I have been spending many hours of late diligently tapping away at these glyph coded keys, seeking to understand myself more thoroughly. It is with a reverence and respect for the words and the images they conjure that I undertake this practice. That reverence reaches beyond the words that I choose and the ideas that I attempt to seduce, to the readers who encounter my work.
I have recently made an effort to better understand the path that extends from consciousness to kindness. I have struggled with the idea that compassion might be a quality that has been breathed into this splendid universe, a quality that may even guide us into the future.
Not long ago a friend was suggesting that his belief in intelligent life forms living on other worlds was more certain than his belief in God. I suggested that if compassion was an ideal evolutionary trait, finding success and preserving itself in the rarified air of many different worlds, then it could be that evolution would eventually and inevitably lead to a species of benevolent gods. He quite liked this notion, and seemed to even increase his opinion of me once I had uttered it.
The savageness of humanity, I have concluded, is only to be expected, we are beasts after all. The natural fear and feeling of vulnerability that reasonably accompanies such a fragile and tentative existence is sure to stimulate such things. How else are we expected to live in this merciless world, if we are not prepared to defend what is ours?
Beyond this mercilessness though, the idea that our mammalian nature predisposes us to seek comfort in the warmth of another fascinates me. If you were lost with a stranger, or even someone you despised, in the deserts of northern Nevada, how late in the night would you allow your shivering to continue, before you accepted the comfort of their embrace?

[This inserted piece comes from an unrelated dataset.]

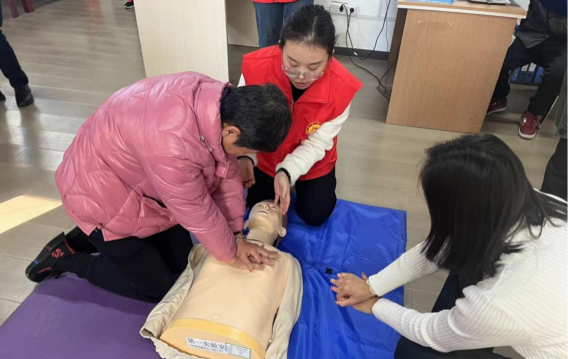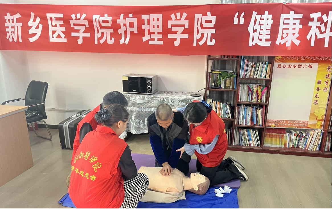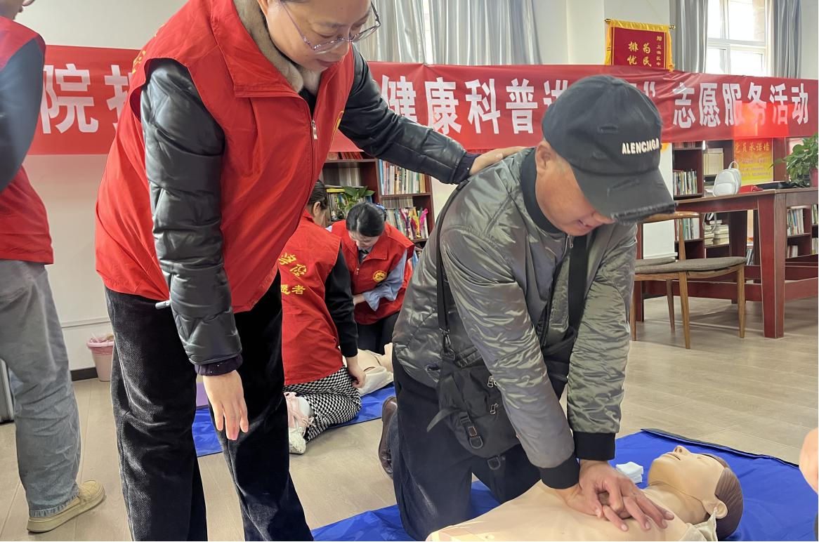 后护理学院师生分组指导社区居民及工作人员进行心肺复苏术各环节的操作练习。

It is as though the sensation of warmth, in a world that can coldly isolate, provides us a unique bit of relief. I have watched a mother goat or dog share the warmth of her body with her babies in a way that very much resembles human love. Is there any difference really, between the emotion she is sharing with them and the emotion we call love?
Is it in our self interest to be kind? Does it increase our power? Does it satisfy our drive to live? Or, is our biology an inhospitable climate for kindness? It could be that a desire to be kind is in fact an act of defiance.

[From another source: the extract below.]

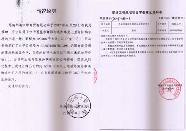 公开资料显示,湖北省恩施州清江缘商贸有限公司(以下简称清江缘公司)成立于2013年5月,其钢材加工及市场建设项目是恩施市人民政府招商引资项目,并办理了合法的相关备案手续,2017年缴纳了4454万元土地出让金(约185亩)取得土地手续。然而在接收恩施市国土局交付出让土地时,该公司却发现交付地块中有部分土地已被恩施易事通汽车运输有限责任公司(以下简称易事通公司)非法占用数年,并已经建成厂房。 清江缘公司多次向恩施市国土部门反映无果,以至于在项目土地平整中多次与易事通公司发生冲突和阻工,并且多次报批厂房建设规划手续时受阻,被恩施自然资源和规划局(下称市资源局)告知因现场踏勘地块内与易事通公司建筑物(非法占地建筑物)重叠无法审批,该问题拖而不决。前期建设项目已投入资金逾2亿元,多名投资人在长达七年的建设审批过程中负债累累,无可奈何,百名员工面临下岗失业。在建设办公楼时,由于恩施市相关部门尤其是资源局滥权妄为、公权私用造成拖欠上千万农民工工资,与清江缘公司相关联的公司也已经举步维艰、濒临倒闭。
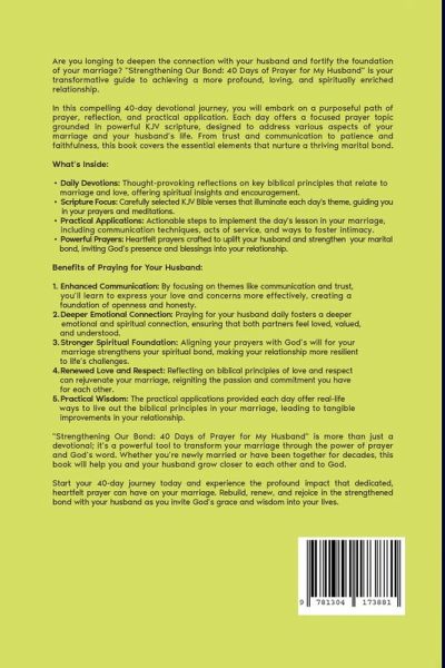 Strengthening Our Bond: 40 Days of Prayer for My Husband Are you longing to deepen the connection with your husband and fortify the foundation of your marriage? "Strengthening Our Bond: 40 Days of Prayer for My Husband" is your transformative guide to achieving a more profound, loving, and spiritually enriched relationship. In this compelling 40-day devotional journey, you will embark on a purposeful path of prayer, reflection, and practical application. Each day offers a focused prayer topic grounded in powerful KJV scripture, designed to address various aspects of your marriage and your husband's life. From trust and communication to patience and faithfulness, this book covers the essential elements that nurture a thriving marital bond. What's Inside: ¿ Daily Devotions: Thought-provoking reflections on key biblical principles that relate to marriage and love, offering spiritual insights and encouragement. ¿ Scripture Focus: Carefully selected KJV Bible verses that illuminate each day's theme, guiding you in your prayers and meditations. ¿ Practical Applications: Actionable steps to implement the day's lesson in your marriage, including communication techniques, acts of service, and ways to foster intimacy. ¿ Powerful Prayers: Heartfelt prayers crafted to uplift your husband and strengthen your marital bond, inviting God's presence and blessings into your relationship. Benefits of Praying for Your Husband: 1. Enhanced Communication: By focusing on themes like communication and trust, you'll learn to express your love and concerns more effectively, creating a foundation of openness and honesty. 2. Deeper Emotional Connection: Praying for your husband daily fosters a deeper emotional and spiritual connection, ensuring that both partners feel loved, valued, and understood. 3. Stronger Spiritual Foundation: Aligning your prayers with God's will for your marriage strengthens your spiritual bond, making your relationship more resilient to life's challenges. 4. Renewed Love and Respect: Reflecting on biblical principles of love and respect can rejuvenate your marriage, reigniting the passion and commitment you have for each other. 5. Practical Wisdom: The practical applications provided each day offer real-life ways to live out the biblical principles in your marriage, leading to tangible improvements in your relationship.

Maybe the human animal has evolved through an age of internal revolution. That is to say, it could be that our biological will has been overthrown. Is there a parliament of reason in place where violent forces of nature once reigned? Has a civil society developed in a country that had been wild? Is being kind a product of this revolution of reason? Or does it emerge from a more primitive place in us?
Another question occurs to me: Is our desire to be kind comparable to other competing inclinations, or is kindness the default position? Meaning, absent any difficulty in one’s life, would there be a natural inclination to kindness? Is this the concept of Eden? The notion that, absent any survival pressures or conflict, a human being will be happy, well disposed and kind to others.
These are questions without answers, I understand that at least, but asking them leads me to draw several conclusions. First among them, being at all is a splendid thing, and being human is made all the more so by the complex miracle of reflection. In other words, thinking is a lovely thing indeed.
In addition to this satisfying bit of wisdom, I am further willing to conclude that love is a thing of warm blood and live birth. Love precedes reason. We did not learn to love, but love has cradled our learning.
I think that the warmth of the other, and the affection that accompanies it, is the origin of kindness. We seek to be recaptured by the care and comfort of those early moments of life. When faced with the harsh conditions of the cold world, we were warmed by the kindness which began as the milk of our mothers.